モーションウィジット

2026年6月28日日曜日

【IT】メーカーの壁を越える共通規格Matter!他社製電球で挑むトイレのスマートホーム化

【この記事のポイント】
・SwitchBotで自動化を進める我が家に立ちはだかった「E17口金」の壁
・メーカーの垣根を超える共通規格「Matter」の仕組みとEcho Showを介した連携
・AI(NotebookLM)に完璧な設計図を作らせたのに、人間側のミスで非対応電球を誤発注…


我が家のスマートホーム化とE17の壁

私がSwitchBotで家をスマートホーム化しているというのは、既に幾つかの記事に書いている通りです。

ざっくりとまとめると…

時間と明るさに連動した照明の完全自動化
・玄関やキッチンに人感・開閉センサーを設置し、空間を自動化。
・夜間は眩しすぎない明るさで点灯し、人がいなくなれば自動消灯させることで、消し忘れ防止とストレスフリーな生活動線を両立。

スマートスピーカー連携による爆速の音声操作
・キッチンに設置したEcho Show(スマートスピーカー)と連携。
・テレビやエアコン、照明を声でコントロール。

温湿度計を活用したエアコンの完全自動化
・温湿度計と連携し、「室温が30℃以上になったらリビングエアコンをオン、25℃以下になったらオフ」などのオートメーションを構築。
・外出中や就寝中もリモコン不要で常に快適な室温を維持し、人にも植物にも優しい空間を実現。

こんな感じです。

おかげでかなり便利になったものの、スマートホームの対象になっている照明はE26型という中型サイズのもののみ。
これはSwitchBotのスマート電球には、E26型しかないからなんです。

トイレはE17型の電球、これをスマート化するにはSwitchBotではなく、他の電球を探す必要があるというわけです。

え?他社の電球じゃ繋がらないんじゃないの?
これを解決してくれるのが「Matter」という規格なんです。

スマートホームの世界標準語「Matter」

Matterとは、スマートホームデバイスの新しい共通通信規格です。

これまではメーカーごとに独自の規格があり、互換性がないのが当たり前だったスマートホームデバイス。
このMatterに対応した製品同士であれば、メーカーの壁を越えて通信できるようになります。

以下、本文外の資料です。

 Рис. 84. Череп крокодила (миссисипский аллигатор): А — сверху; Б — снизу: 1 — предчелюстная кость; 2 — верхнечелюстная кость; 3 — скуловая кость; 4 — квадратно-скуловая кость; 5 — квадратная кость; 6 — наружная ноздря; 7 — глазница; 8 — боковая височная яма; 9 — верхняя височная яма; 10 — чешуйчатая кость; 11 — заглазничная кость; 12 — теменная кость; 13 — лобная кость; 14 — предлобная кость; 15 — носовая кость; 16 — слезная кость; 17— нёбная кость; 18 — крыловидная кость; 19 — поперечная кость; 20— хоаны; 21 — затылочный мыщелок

「A社のアプリでB社の電球を直接コントロールする」といったことが可能になる画期的な仕組み。
スマートホーム界の「世界標準語」のようなものだと思えばわかりやすいかなと。

幸いなことに、我が家のスマートホームの司令塔である「Echo Show(Alexa)」は、このMatterに対応しています。

これを「スマートホームハブ(中継機)」として介在させることで、他社のMatter対応製品もEcho Showにぶら下げることができる。
そしてEcho Showをハブにすれば、元々入っているSwitchBotのシステムともシームレスに連携可能になります。

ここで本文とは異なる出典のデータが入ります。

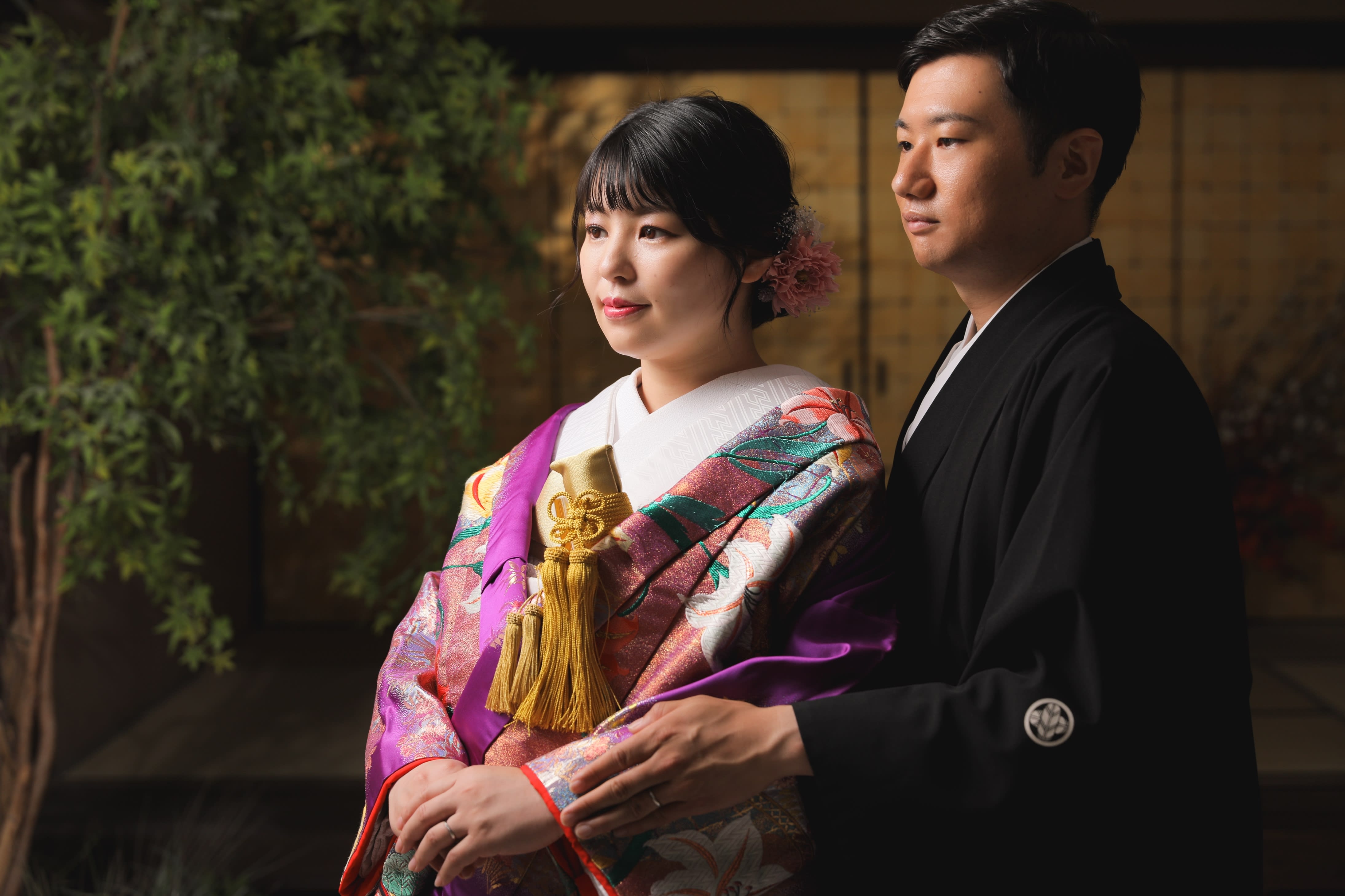和室に上がって、一番フォーマルな立ち姿をお撮りします! 着物も綺麗に振付して整えさせていただきます!
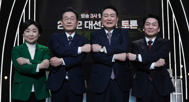 ▲ 3일 열린 '2022 대선 후보 토론'에 앞서 후보들이 기념촬영하고 있다. 왼쪽부터 심상정 정의당, 이재명 더불어민주당, 윤석열 국민의힘, 안철수 국민의당 대선 후보.[뉴시스]
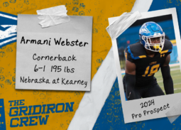 Name: Armani WebsterSchool: University of Nebraska at Kearney Position: CB/DB Height: 6-1Weight: 195 Q: What goals did you set and/or accomplish in your final collegiate season? I wanted to get all conference/ all american honors in my final year. I also wanted to to go without giving up a TD. Q: What would your coaches and teammates say about the type of…
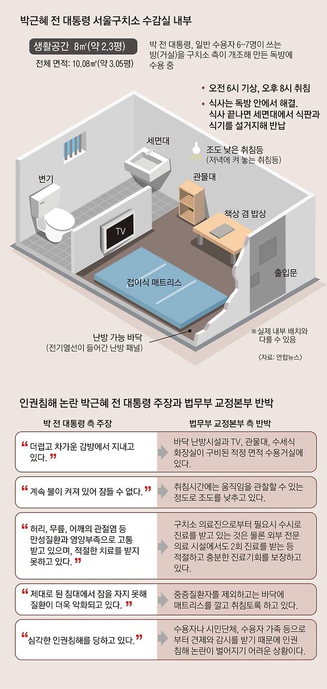 - 서울구치소 "박근혜 '인권침해' 주장, 사실 아니다"..매트리스 쓰고 온돌방

これを利用すれば、E17型だけ他社のMatter対応電球を買ってきても、Echo Show経由でSwitchBotのセンサー類と紐付けることが可能に。
メーカーの縛りから解放される、まさにスマートホームの理想的な形ですね。

AIの完璧な設計図と、完璧な誤発注

さっそく、我が家のトイレのE17電球をスマート化する計画をスタート。
先日記事に書いた通り、こういう複雑怪奇なシステム設計は「NotebookLM」に丸投げするのが一番です。

こちらの仕様をインプットし、Matter対応でE17型の最適なLED電球を提案してもらい、完璧な設計図を作成。
「これでトイレも自動化できるぞ」とホクホクしながら、おすすめされたメーカーの電球をネットで迷わずポチります。

いや〜、AIのおかげ。
実に合理的かつスピーディーに買い物が済んだと、この時はまだ大満足していたんですよね。

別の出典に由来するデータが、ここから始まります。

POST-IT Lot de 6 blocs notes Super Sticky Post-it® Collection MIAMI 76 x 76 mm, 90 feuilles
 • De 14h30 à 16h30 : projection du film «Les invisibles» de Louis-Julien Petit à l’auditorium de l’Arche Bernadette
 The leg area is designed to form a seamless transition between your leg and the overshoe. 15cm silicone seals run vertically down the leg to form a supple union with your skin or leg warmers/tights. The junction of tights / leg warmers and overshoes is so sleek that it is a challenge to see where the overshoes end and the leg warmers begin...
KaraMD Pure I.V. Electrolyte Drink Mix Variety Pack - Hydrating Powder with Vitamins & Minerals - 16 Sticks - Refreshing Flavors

届いた電球を意気揚々と取り出して、さて、どうやってAlexaに登録すればいいんだろう。
ん?

ちょっと待て。
箱やマニュアルを隅から隅まで見ても、「Matter」のロゴマークがないじゃないか。

ってことは…
むむ〜、よく似た「非対応モデル」を私がうっかり買い間違えたか…

いくら優秀なAIに完璧な設計図を作らせても、それを発注する人間側のエラーまでは防げないようです。

無駄に購入したこのE17スマート電球(非Matter)、さて一体どこで活用すべきか。
これを考えるのもまた楽し、ということにしておきましょう。




【おまけのワンポイント】
E17型のソケットに、少し大きめのE26型電球を取り付けたい場合、数百円で買える「口金変換アダプタ」を使うという手があります。
ただし、変換アダプタを使うとその分だけ電球の長さが飛び出すため、照明器具のカバーに収まらなくなったり、見た目が不格好になったりすることが多い。
また、密閉型器具に対応していない電球を使うと寿命を縮める原因にもなるので、最初から器具に合った正しい口金サイズのスマート電球を(間違えずに)購入するのが一番合理的なんですよね。